===== Listed records =====

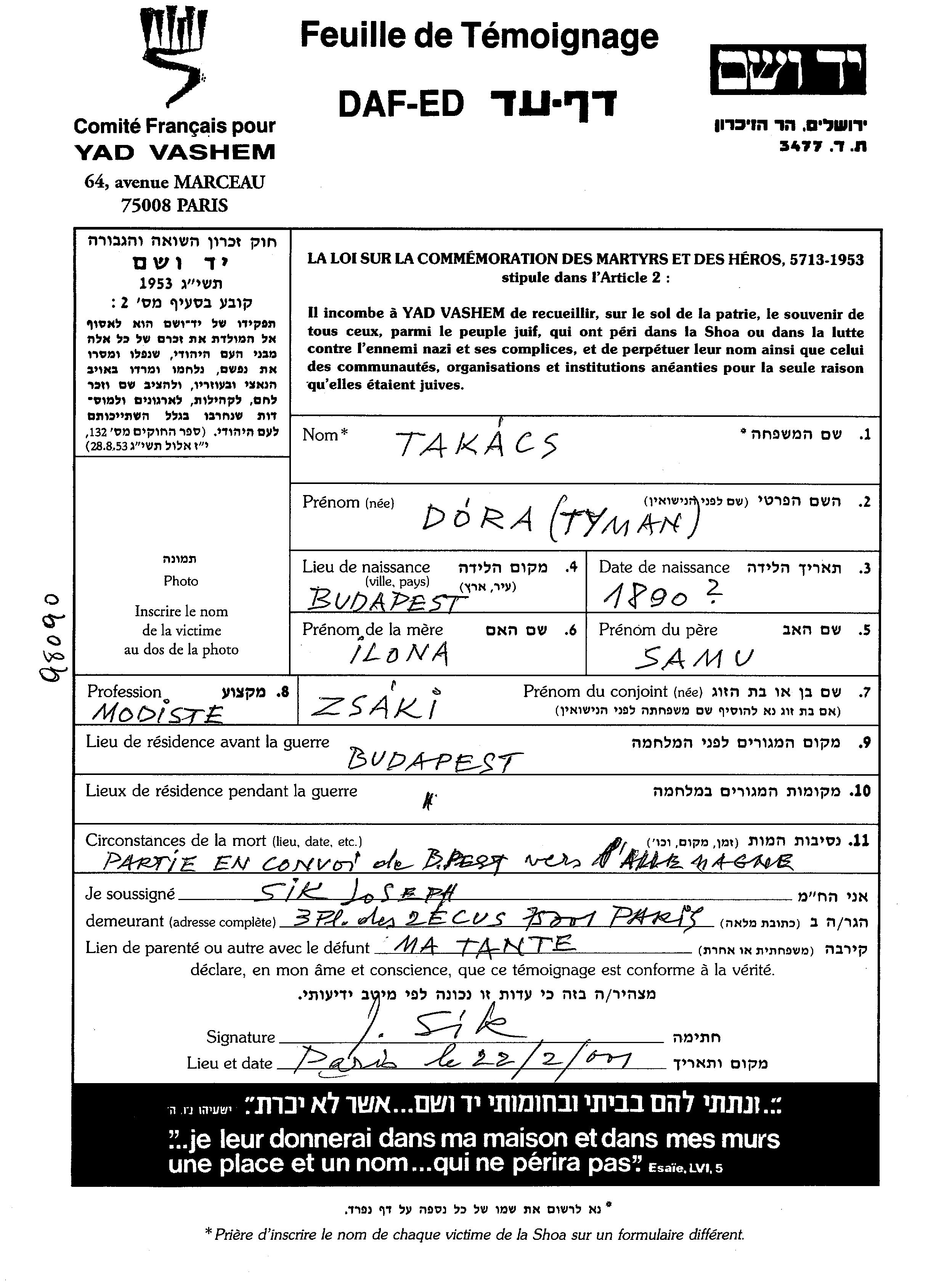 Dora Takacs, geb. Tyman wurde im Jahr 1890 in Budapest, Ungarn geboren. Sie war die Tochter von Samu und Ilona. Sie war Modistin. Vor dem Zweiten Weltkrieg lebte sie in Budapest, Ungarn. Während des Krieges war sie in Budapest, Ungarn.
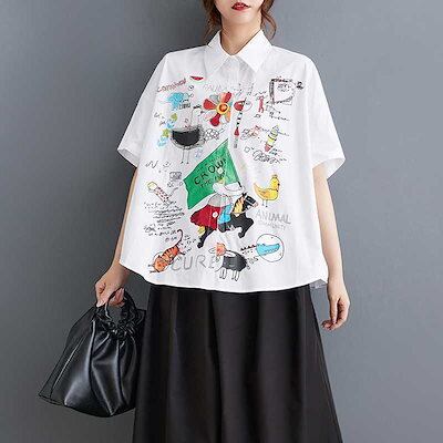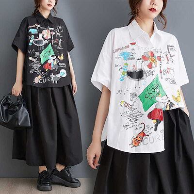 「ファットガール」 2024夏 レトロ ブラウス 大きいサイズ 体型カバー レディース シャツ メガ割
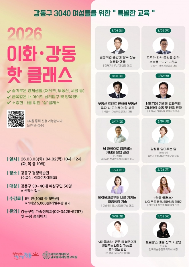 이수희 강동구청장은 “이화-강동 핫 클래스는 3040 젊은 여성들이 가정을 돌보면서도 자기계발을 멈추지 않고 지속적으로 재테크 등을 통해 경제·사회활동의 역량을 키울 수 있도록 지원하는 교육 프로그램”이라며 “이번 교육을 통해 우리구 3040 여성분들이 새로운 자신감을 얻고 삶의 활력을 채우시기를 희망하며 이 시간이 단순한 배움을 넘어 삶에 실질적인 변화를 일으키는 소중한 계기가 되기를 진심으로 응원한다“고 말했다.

=====
===== Listed records =====

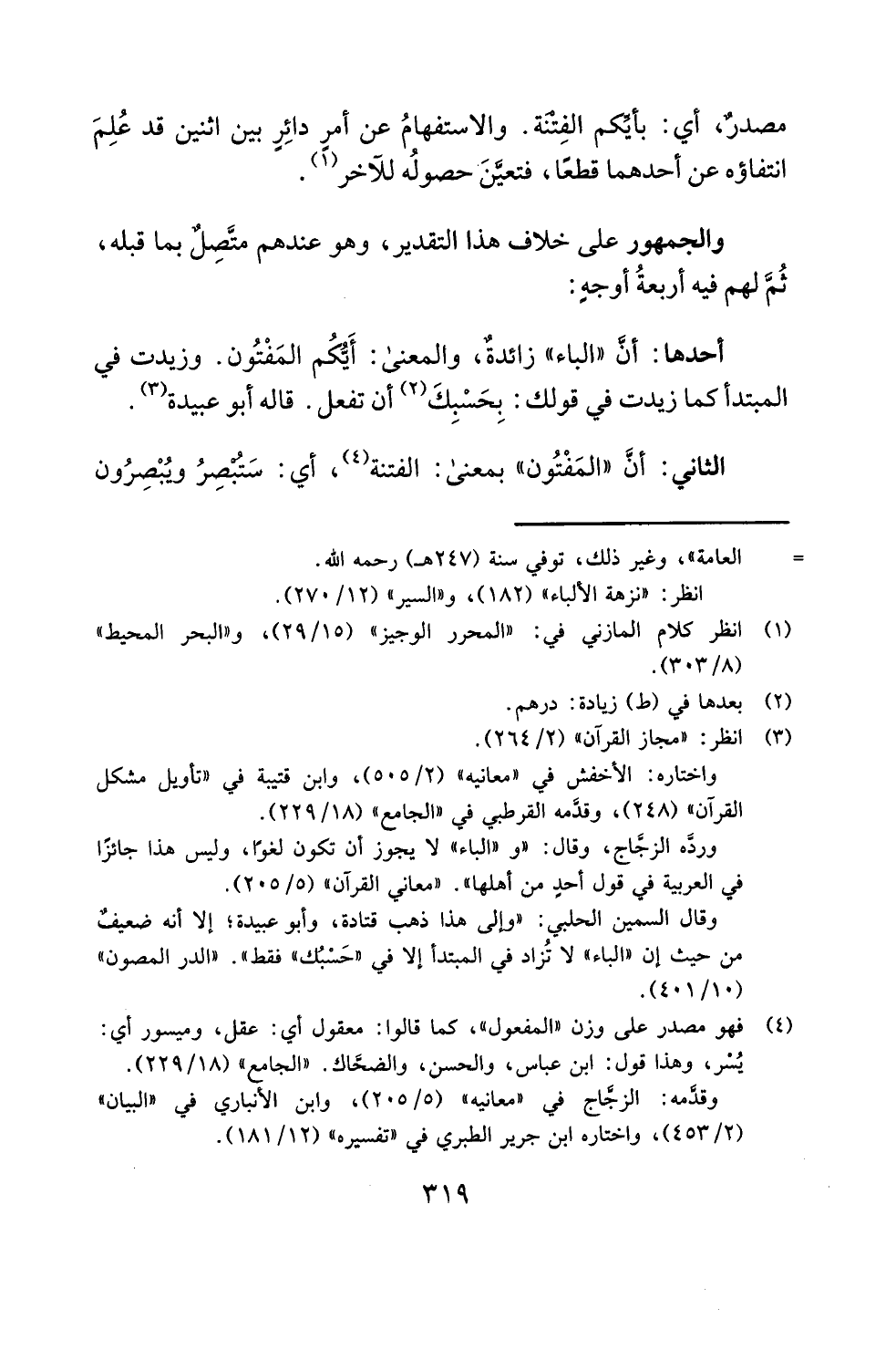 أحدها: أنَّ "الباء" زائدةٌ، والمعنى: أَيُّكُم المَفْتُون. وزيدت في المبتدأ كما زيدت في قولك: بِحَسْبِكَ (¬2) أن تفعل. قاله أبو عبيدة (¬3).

=====
===== Listed records =====

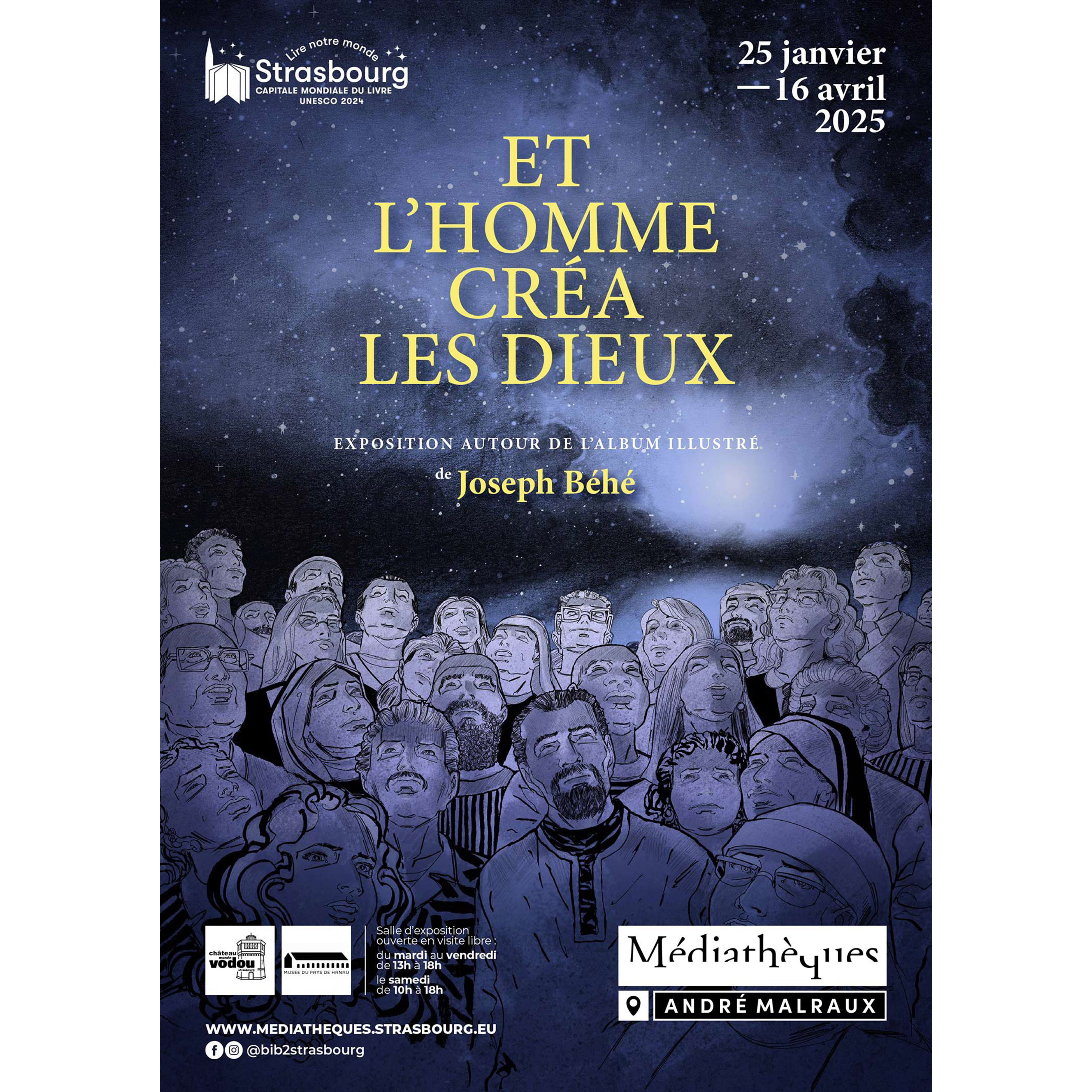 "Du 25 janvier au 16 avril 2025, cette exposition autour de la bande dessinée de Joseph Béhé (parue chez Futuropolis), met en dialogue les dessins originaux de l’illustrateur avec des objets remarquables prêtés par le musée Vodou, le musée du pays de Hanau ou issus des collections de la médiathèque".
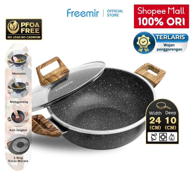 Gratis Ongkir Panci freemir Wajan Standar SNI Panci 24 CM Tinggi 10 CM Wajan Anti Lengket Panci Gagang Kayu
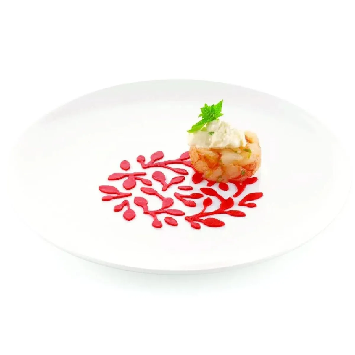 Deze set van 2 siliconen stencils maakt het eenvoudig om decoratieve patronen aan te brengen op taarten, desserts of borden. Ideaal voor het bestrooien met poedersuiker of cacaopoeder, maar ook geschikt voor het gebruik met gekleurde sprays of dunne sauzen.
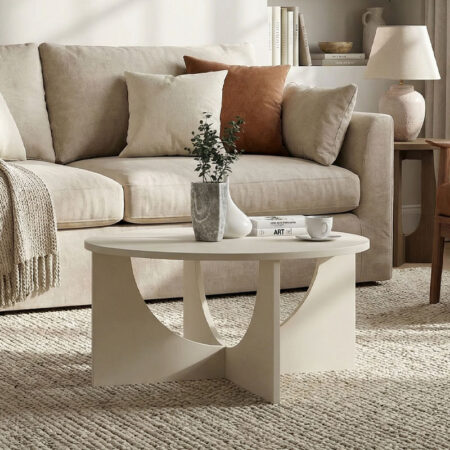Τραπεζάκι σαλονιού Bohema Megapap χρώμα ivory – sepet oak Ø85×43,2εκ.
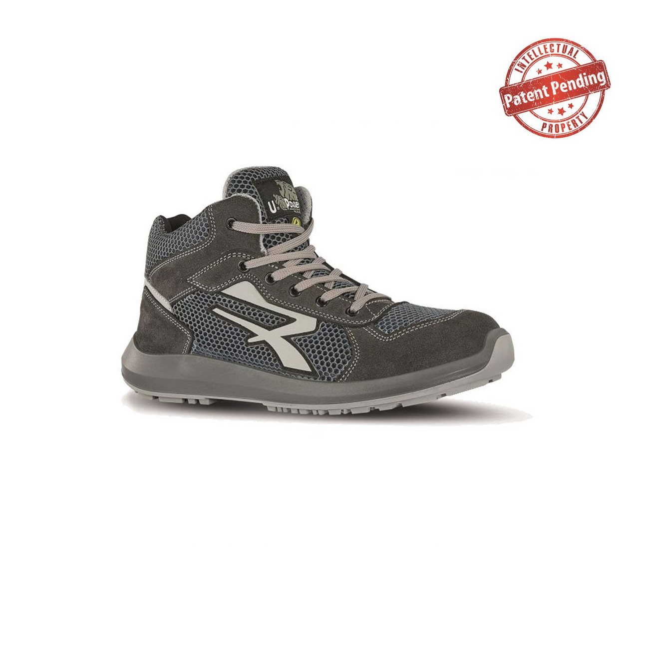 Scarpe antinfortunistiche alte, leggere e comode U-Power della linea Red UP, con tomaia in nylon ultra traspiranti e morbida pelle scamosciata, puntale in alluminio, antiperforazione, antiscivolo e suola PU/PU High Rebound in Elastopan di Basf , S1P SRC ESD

=====

- What to work on
Using the entries above, write out exactly the lines from the one with "Dora Takacs, geb." through the one with "핫 클래스는 3040", ends included. Leave out any pictures.

- Solution for this task
 Dora Takacs, geb. Tyman wurde im Jahr 1890 in Budapest, Ungarn geboren. Sie war die Tochter von Samu und Ilona. Sie war Modistin. Vor dem Zweiten Weltkrieg lebte sie in Budapest, Ungarn. Während des Krieges war sie in Budapest, Ungarn.
 「ファットガール」 2024夏 レトロ ブラウス 大きいサイズ 体型カバー レディース シャツ メガ割
 이수희 강동구청장은 “이화-강동 핫 클래스는 3040 젊은 여성들이 가정을 돌보면서도 자기계발을 멈추지 않고 지속적으로 재테크 등을 통해 경제·사회활동의 역량을 키울 수 있도록 지원하는 교육 프로그램”이라며 “이번 교육을 통해 우리구 3040 여성분들이 새로운 자신감을 얻고 삶의 활력을 채우시기를 희망하며 이 시간이 단순한 배움을 넘어 삶에 실질적인 변화를 일으키는 소중한 계기가 되기를 진심으로 응원한다“고 말했다.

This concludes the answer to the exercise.